Your output should be the exact lines from the start of the data through the line containing "奥田 「レストランで食事をする場面をイメージして、きちんと感のアップする襟付きのリネンシャツ(かぐれ /", with no pictures.

Dataset section:
↓
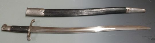 British 1856/58 pattern sword bayonet with some clear stamps, 58cm fullered yataghan blade, with scabbard
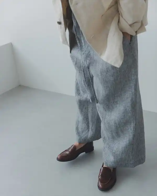 | 奥田 「レストランで食事をする場面をイメージして、きちんと感のアップする襟付きのリネンシャツ(かぐれ / リネンレギュラーボックスシャツ)とローファーを合わせました。この上にジャケットを羽織れば、よりシックな印象でまとめられると思います。 袖口がワイドなつくりなので、長袖シャツも下に重ねて着ることができます。夏場もあまり腕を出すのは避けたいので、重ね着しやすいのは助かります。シャツ以外にも、カットソーやTシャツを合わせても。ロングシーズンいろんな着回しを楽しめますよ」 | |||||||||
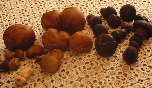 Foto: Links, mit den helleren Hüten, liegen die Steinpilze, rechts die Schusterpilze. Damit machte Jürgen in diesem Jahr die bislang beste Röhrlingsernte. Sie zeigt uns, dass die Steinpilze da sind! Gratulation zu diesem tollen Fund! (2 Fotos © Jürgen S.)
↑
Expected output:
 British 1856/58 pattern sword bayonet with some clear stamps, 58cm fullered yataghan blade, with scabbard
 | 奥田 「レストランで食事をする場面をイメージして、きちんと感のアップする襟付きのリネンシャツ(かぐれ / リネンレギュラーボックスシャツ)とローファーを合わせました。この上にジャケットを羽織れば、よりシックな印象でまとめられると思います。 袖口がワイドなつくりなので、長袖シャツも下に重ねて着ることができます。夏場もあまり腕を出すのは避けたいので、重ね着しやすいのは助かります。シャツ以外にも、カットソーやTシャツを合わせても。ロングシーズンいろんな着回しを楽しめますよ」 | |||||||||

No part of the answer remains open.